Below is a listing. Return the lines from the one that contains "包小包 2025新款糯糯绵毛巾绣可爱卡通爆款四件套 奶油兔-粉" to the one that contains "Abstract glowing circle", both ends included, verbatim and with no pictures.

Information supplied START

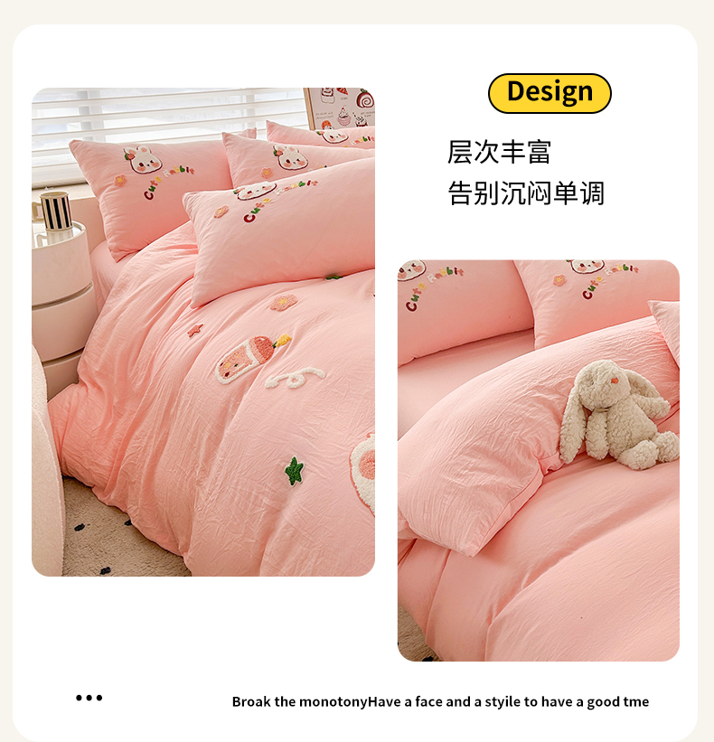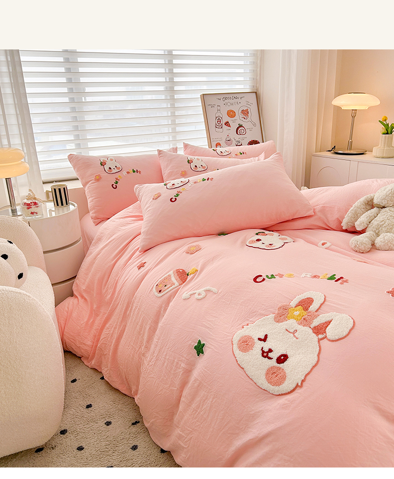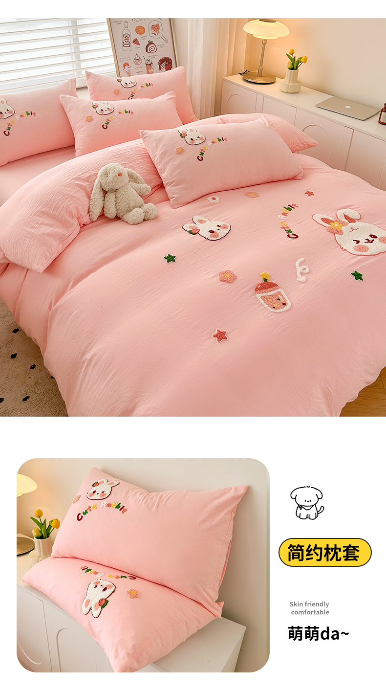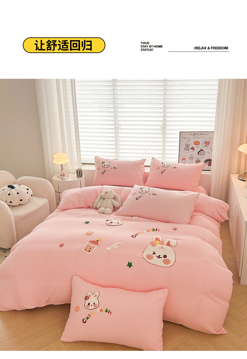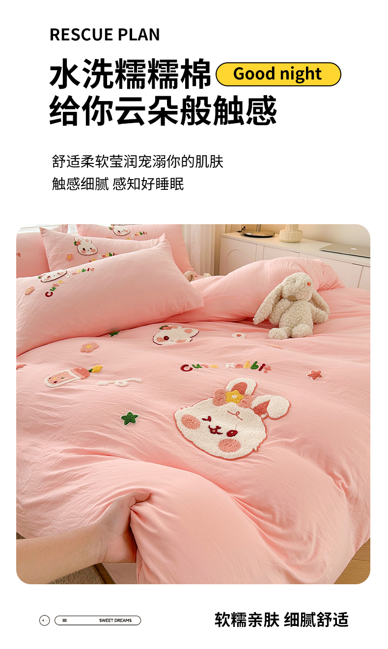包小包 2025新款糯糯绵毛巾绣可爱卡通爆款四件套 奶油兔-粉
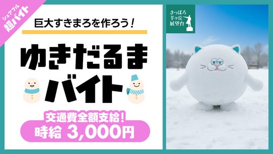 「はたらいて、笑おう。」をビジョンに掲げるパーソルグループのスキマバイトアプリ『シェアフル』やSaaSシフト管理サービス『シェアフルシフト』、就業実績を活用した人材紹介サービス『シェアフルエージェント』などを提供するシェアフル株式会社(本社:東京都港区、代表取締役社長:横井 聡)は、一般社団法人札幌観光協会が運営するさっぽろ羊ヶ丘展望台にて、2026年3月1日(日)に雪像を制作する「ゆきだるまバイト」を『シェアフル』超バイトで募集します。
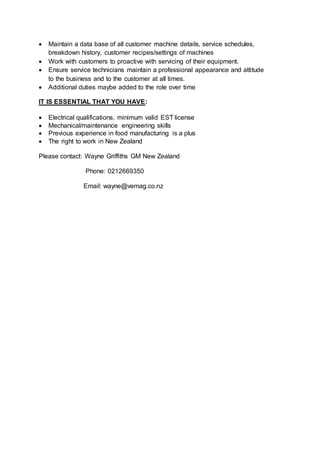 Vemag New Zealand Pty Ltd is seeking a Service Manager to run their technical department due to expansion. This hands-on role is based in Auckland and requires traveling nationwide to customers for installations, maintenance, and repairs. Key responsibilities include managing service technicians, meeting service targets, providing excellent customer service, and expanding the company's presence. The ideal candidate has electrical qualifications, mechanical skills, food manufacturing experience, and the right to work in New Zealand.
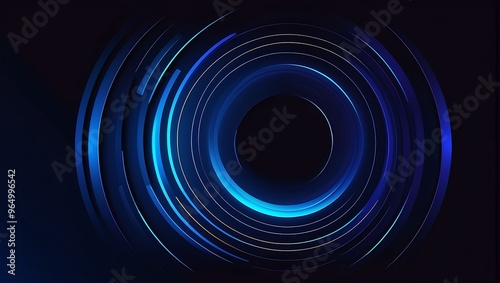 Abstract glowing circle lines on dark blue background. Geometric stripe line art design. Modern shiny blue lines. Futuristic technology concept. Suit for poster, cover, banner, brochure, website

Information supplied END
Information supplied START

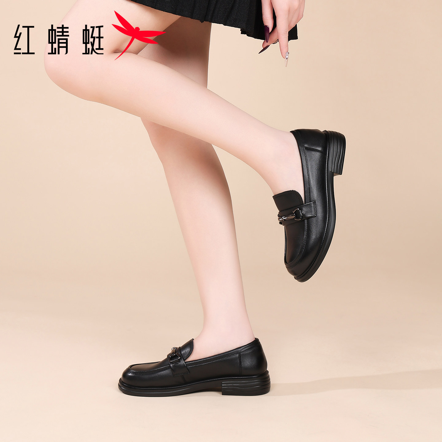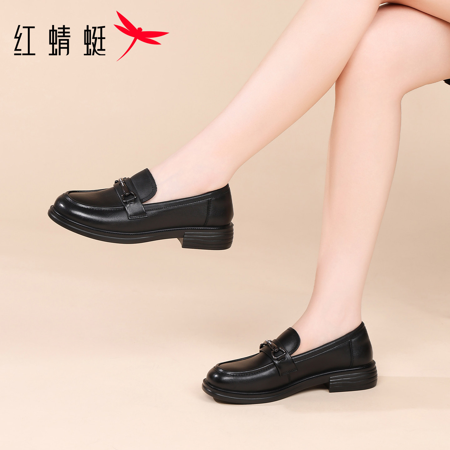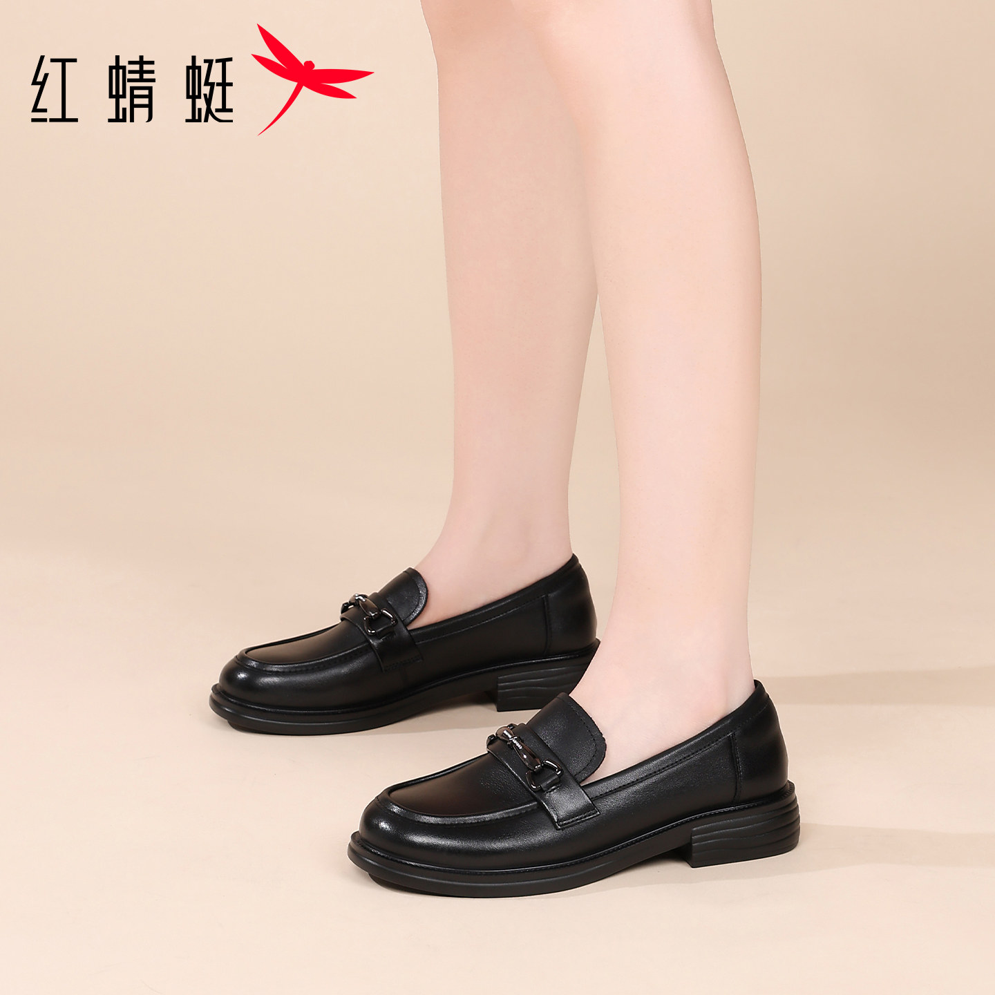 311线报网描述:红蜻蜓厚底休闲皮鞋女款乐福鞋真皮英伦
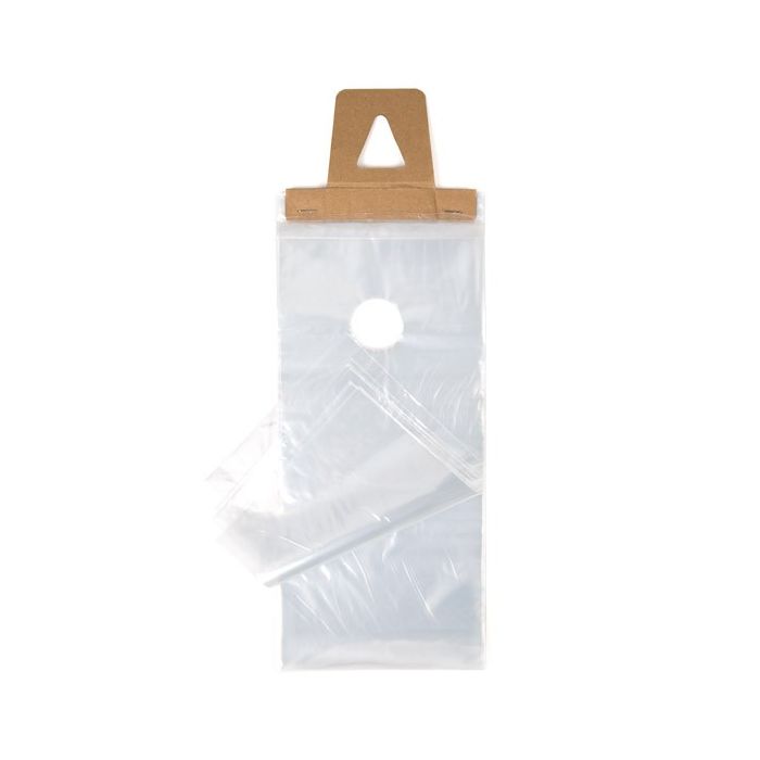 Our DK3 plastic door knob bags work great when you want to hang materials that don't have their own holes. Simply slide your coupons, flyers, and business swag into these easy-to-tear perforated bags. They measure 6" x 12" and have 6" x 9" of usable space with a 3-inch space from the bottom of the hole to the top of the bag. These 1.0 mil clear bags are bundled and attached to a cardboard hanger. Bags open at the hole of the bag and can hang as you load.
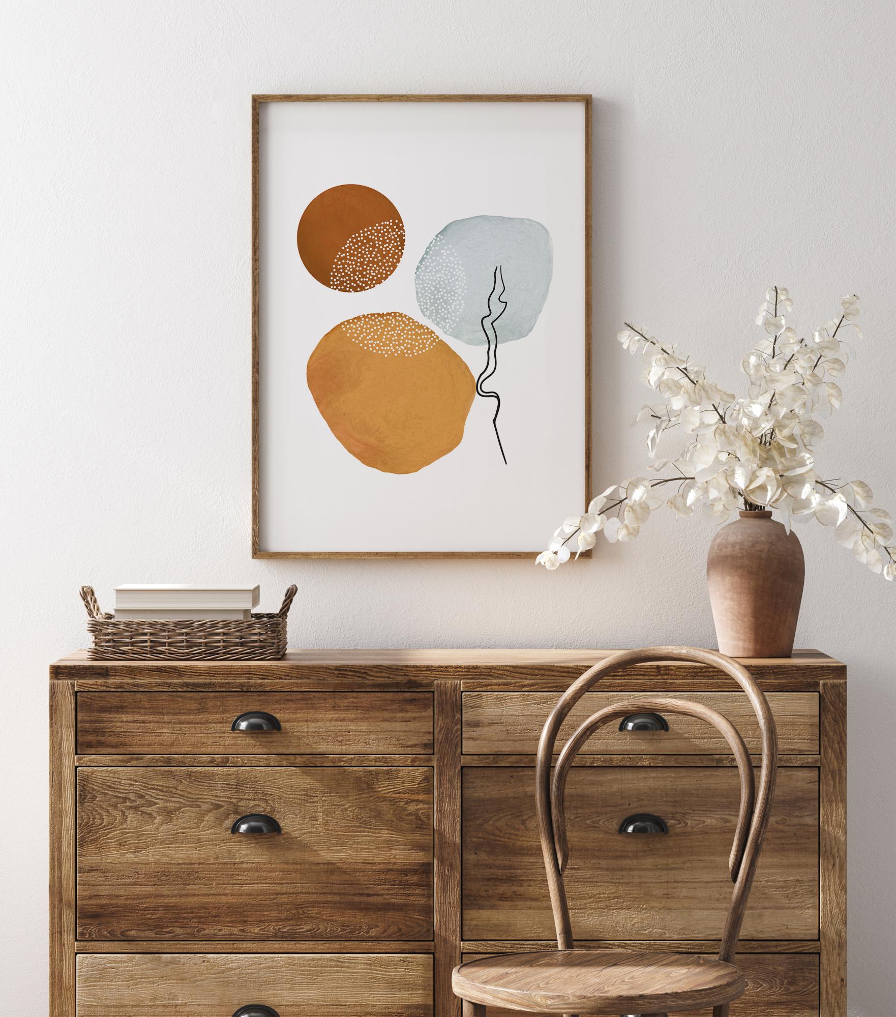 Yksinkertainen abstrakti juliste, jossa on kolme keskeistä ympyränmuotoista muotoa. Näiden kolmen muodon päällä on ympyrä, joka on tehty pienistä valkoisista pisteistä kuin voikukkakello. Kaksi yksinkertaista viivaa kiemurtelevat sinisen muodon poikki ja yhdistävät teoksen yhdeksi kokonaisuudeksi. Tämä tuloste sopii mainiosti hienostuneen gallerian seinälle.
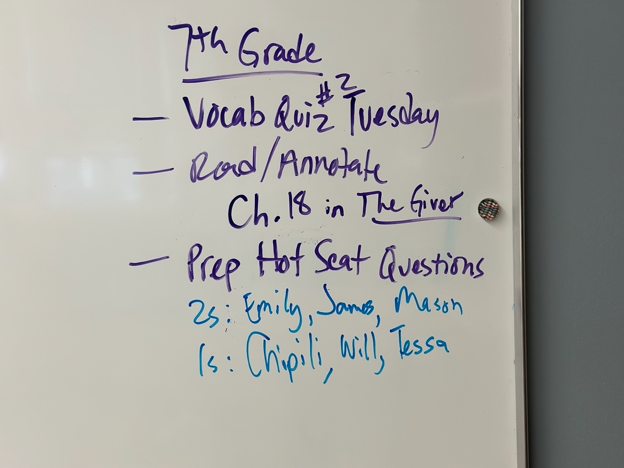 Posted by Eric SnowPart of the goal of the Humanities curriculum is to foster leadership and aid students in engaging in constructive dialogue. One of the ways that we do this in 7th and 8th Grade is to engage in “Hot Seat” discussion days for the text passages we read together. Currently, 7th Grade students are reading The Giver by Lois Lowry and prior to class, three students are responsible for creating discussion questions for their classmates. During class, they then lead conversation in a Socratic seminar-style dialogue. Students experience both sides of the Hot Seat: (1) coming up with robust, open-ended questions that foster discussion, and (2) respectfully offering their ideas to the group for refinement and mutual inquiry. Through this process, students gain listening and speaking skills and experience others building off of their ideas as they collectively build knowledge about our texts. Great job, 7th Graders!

Information supplied END
Information supplied START

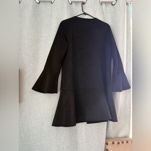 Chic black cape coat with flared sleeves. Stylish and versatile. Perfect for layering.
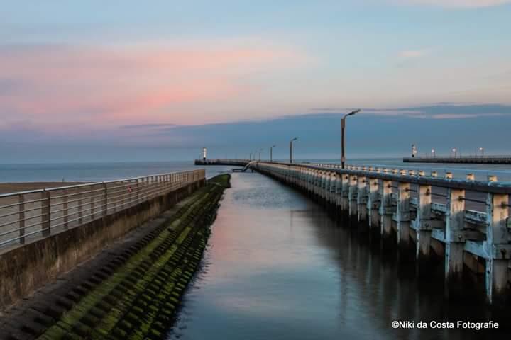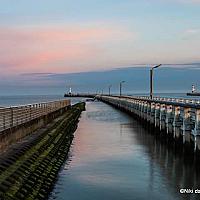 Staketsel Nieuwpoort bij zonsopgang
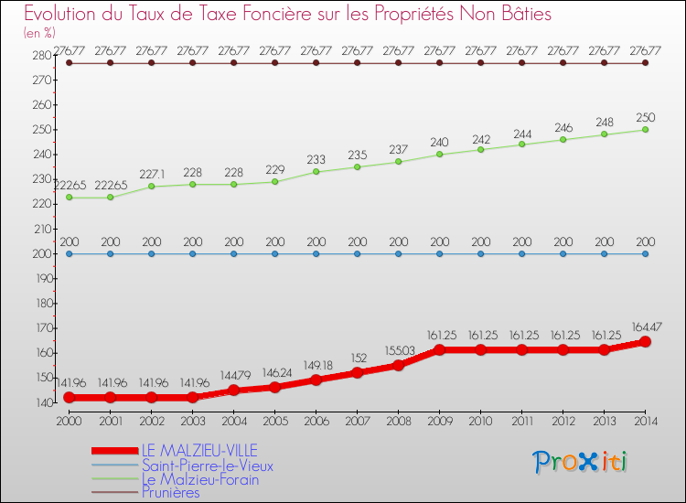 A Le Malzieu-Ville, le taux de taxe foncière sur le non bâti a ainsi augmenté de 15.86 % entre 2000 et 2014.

Information supplied END

● Your solution
包小包 2025新款糯糯绵毛巾绣可爱卡通爆款四件套 奶油兔-粉
 「はたらいて、笑おう。」をビジョンに掲げるパーソルグループのスキマバイトアプリ『シェアフル』やSaaSシフト管理サービス『シェアフルシフト』、就業実績を活用した人材紹介サービス『シェアフルエージェント』などを提供するシェアフル株式会社(本社:東京都港区、代表取締役社長:横井 聡)は、一般社団法人札幌観光協会が運営するさっぽろ羊ヶ丘展望台にて、2026年3月1日(日)に雪像を制作する「ゆきだるまバイト」を『シェアフル』超バイトで募集します。
 Vemag New Zealand Pty Ltd is seeking a Service Manager to run their technical department due to expansion. This hands-on role is based in Auckland and requires traveling nationwide to customers for installations, maintenance, and repairs. Key responsibilities include managing service technicians, meeting service targets, providing excellent customer service, and expanding the company's presence. The ideal candidate has electrical qualifications, mechanical skills, food manufacturing experience, and the right to work in New Zealand.
 Abstract glowing circle lines on dark blue background. Geometric stripe line art design. Modern shiny blue lines. Futuristic technology concept. Suit for poster, cover, banner, brochure, website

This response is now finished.